Presentation Suggestions:

  • Scones and Clotted Cream: Serve lemon curd alongside warm, freshly baked scones and a dollop of clotted cream for the ultimate afternoon tea treat.
  • Tart Filling: Use it to fill pre-baked tart shells for elegant individual desserts. Garnish with fresh berries or toasted meringue.
  • Cake Layering: Spread a thin layer of lemon curd between cake layers for a zesty and moist cake.
  • Yogurt Parfaits: Swirl lemon curd into yogurt parfaits with granola and fresh fruit for a delightful breakfast or dessert.
  • Thumbprint Cookies: Fill thumbprint cookies with lemon curd before baking for a burst of lemony goodness.
  • Toast Topper: Elevate your morning toast by spreading a generous layer of lemon curd over it.

Tips:

  • Sterilizing Jars: To sterilize jars, wash them thoroughly in hot, soapy water. Then, place them upside down on a baking sheet and bake at 250°F (120°C) for 10 minutes. Boil the lids in water for 10 minutes. Let everything cool slightly before filling.
  • Lemon Juice Quality: Freshly squeezed lemon juice is essential for the best flavor. Bottled lemon juice simply doesn’t compare.
  • Butter Temperature: Ensure the melted butter is cooled slightly before adding it to the egg mixture. Hot butter can cook the eggs and result in a curdled mixture.
  • Microwave Power: Microwave power varies. If your curd is not thickening after 5 minutes, continue microwaving in 15-second intervals, whisking well after each interval, until it reaches the desired consistency.
  • Strain for Extra Smoothness: For an extra-smooth curd, strain it through a fine-mesh sieve after microwaving to remove any small bits of cooked egg.
  • Storage: Properly stored, lemon curd will last for up to 2 weeks in the refrigerator.
  • Tartness Level: Adjust the amount of sugar to your preference. If you prefer a more tart curd, reduce the sugar by 1-2 tablespoons.

Preparation Time: 10 minutes

Cook Time: 5 minutes

Total Time: 15 minutes (plus cooling time)

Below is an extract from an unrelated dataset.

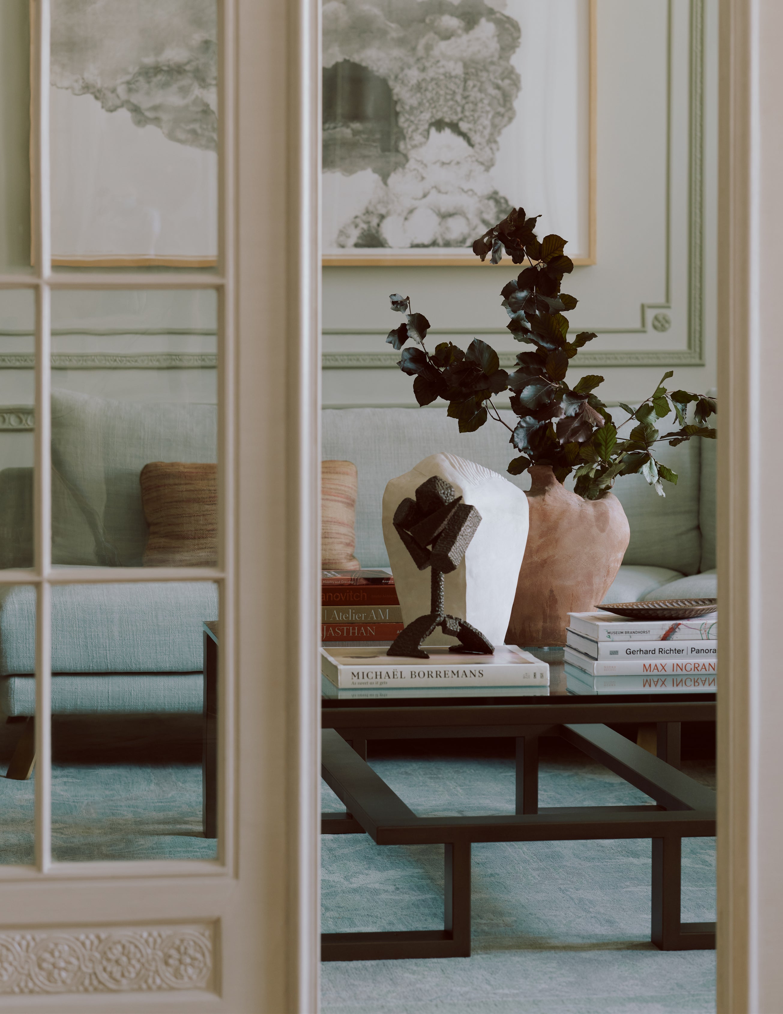 The library is a symphony of greens, velvety finishes, and opulent accents, beautifully enhancing the original mouldings. The richness of the materials creates a layered visual depth, immediately drawing you into its intimate yet luxurious atmosphere.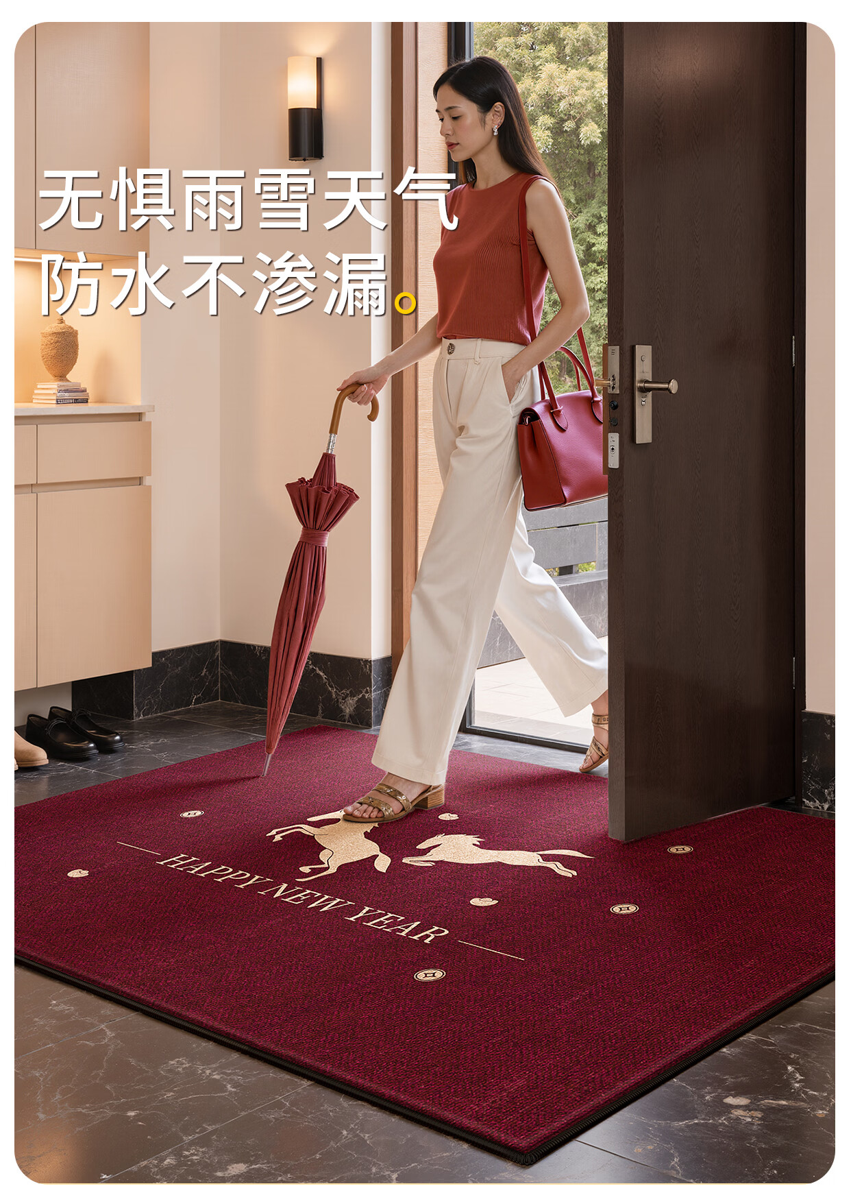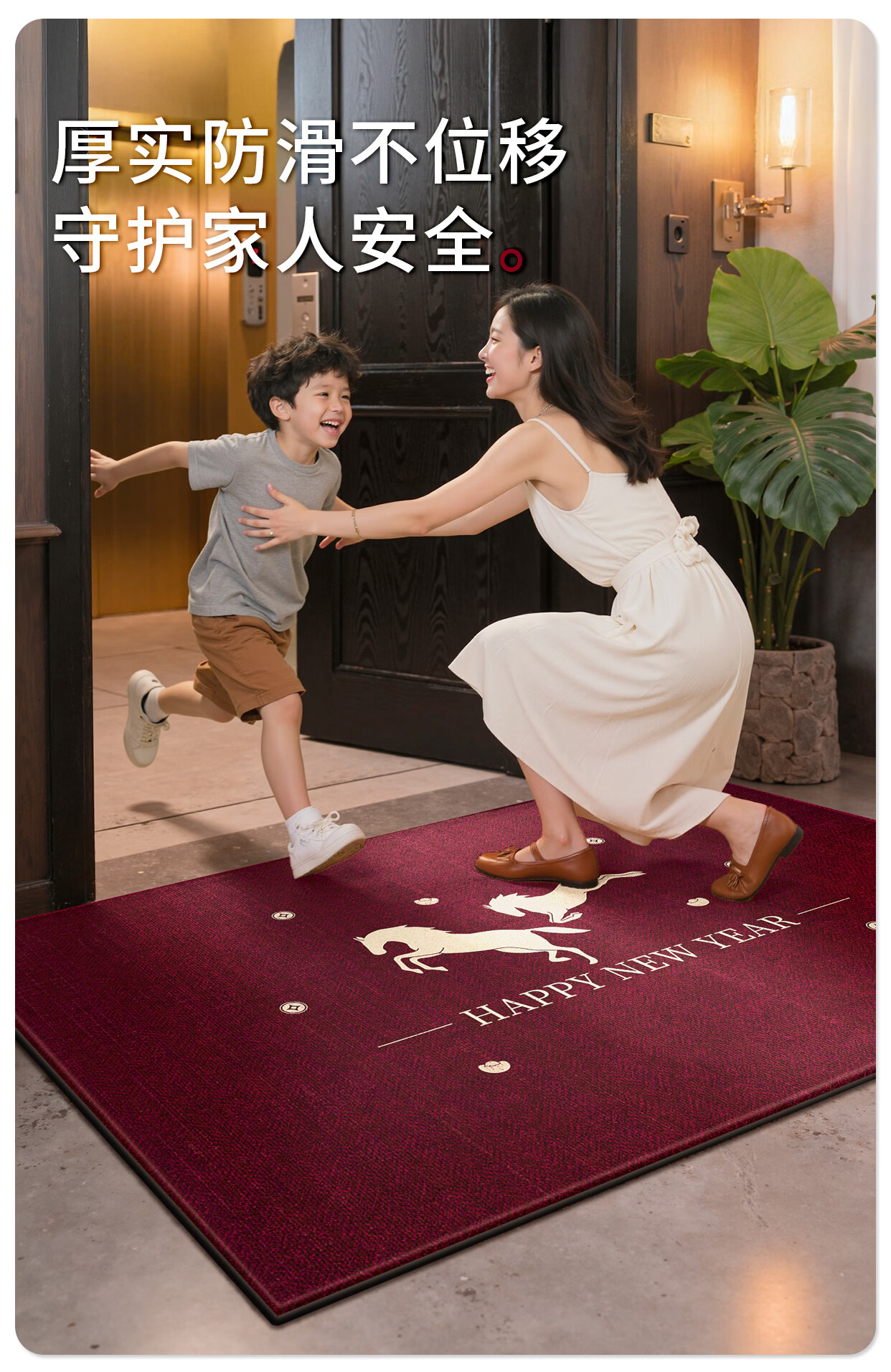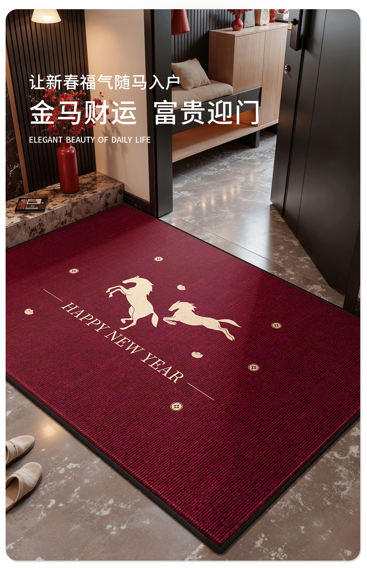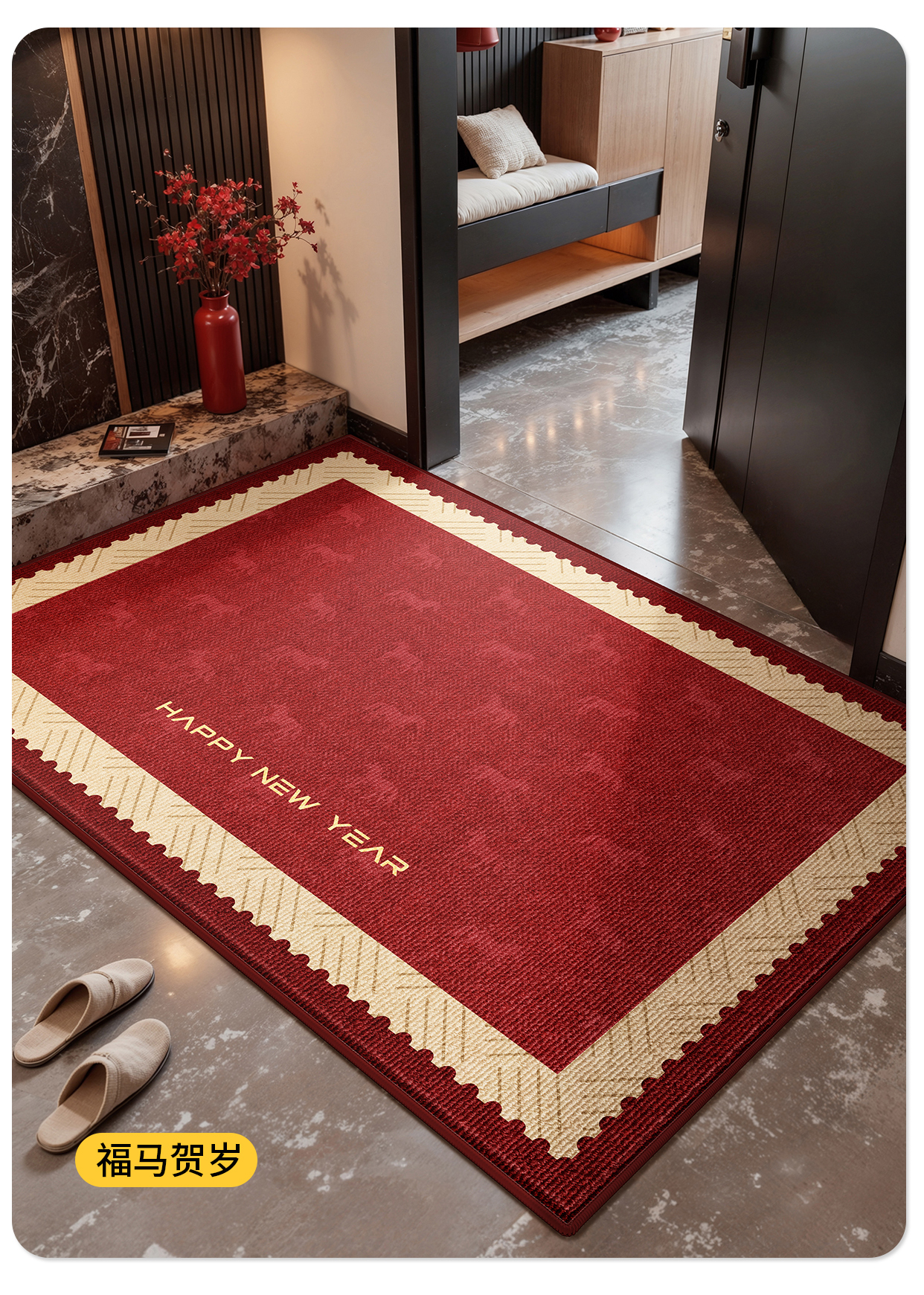 Y U-LIVE入户门地垫2026年新款马年防滑进门门口新年喜庆红色玄关耐脏 圈绒棉布-金马运财 定制请联系客服【享优惠】

Nutritional Information (per 2 tablespoons serving):

  • Calories: 118 kcal
  • Protein: 1 g
  • Fat: 7 g
  • Saturated Fat: 4 g
  • Cholesterol: 55 mg
  • Sodium: 16 mg
  • Potassium: 30 mg
  • Fiber: 1 g
  • Sugar: 13 g
  • Vitamin A: 235 IU
  • Vitamin C: 5.9 mg
  • Calcium: 9 mg
  • Iron: 0.2 mg

Conclusion:

This microwave lemon curd recipe is a game-changer for anyone craving a burst of sunshine in their desserts. Its simplicity and speed, combined with its intense flavor and smooth texture, make it a winner. Whether you’re a seasoned baker or a kitchen novice, this recipe will become a staple in your repertoire. So, grab your lemons, fire up your microwave, and prepare to be amazed!

Q&A:

  • Q: Can I use bottled lemon juice instead of fresh?
    • A: While you can use bottled lemon juice, the flavor will not be as bright or intense as with fresh lemon juice. Freshly squeezed juice is highly recommended for the best results.
  • Q: My lemon curd is too thick. What can I do?
    • A: If your lemon curd is too thick, whisk in a tablespoon or two of lemon juice or water until it reaches your desired consistency. You can gently warm it in the microwave for a few seconds to make it easier to whisk.
  • Q: My lemon curd is too thin. How can I fix it?
    • A: If your lemon curd is too thin, microwave it for another 15-30 seconds, whisking well after each interval, until it thickens slightly. Be careful not to overcook it, or the eggs may curdle.
  • Q: Can I freeze lemon curd?
    • A: While you can freeze lemon curd, the texture may change slightly upon thawing. It’s best to freeze it in small, airtight containers for up to 2 months. Thaw in the refrigerator overnight.
  • Q: Why did my lemon curd curdle?
    • A: Lemon curd can curdle if the eggs are cooked too quickly or at too high a temperature. Make sure your butter is cooled slightly before adding it to the egg mixture, and whisk frequently during the microwave cooking process. If your curd does curdle, you can try to salvage it by blending it with an immersion blender or straining it through a fine-mesh sieve.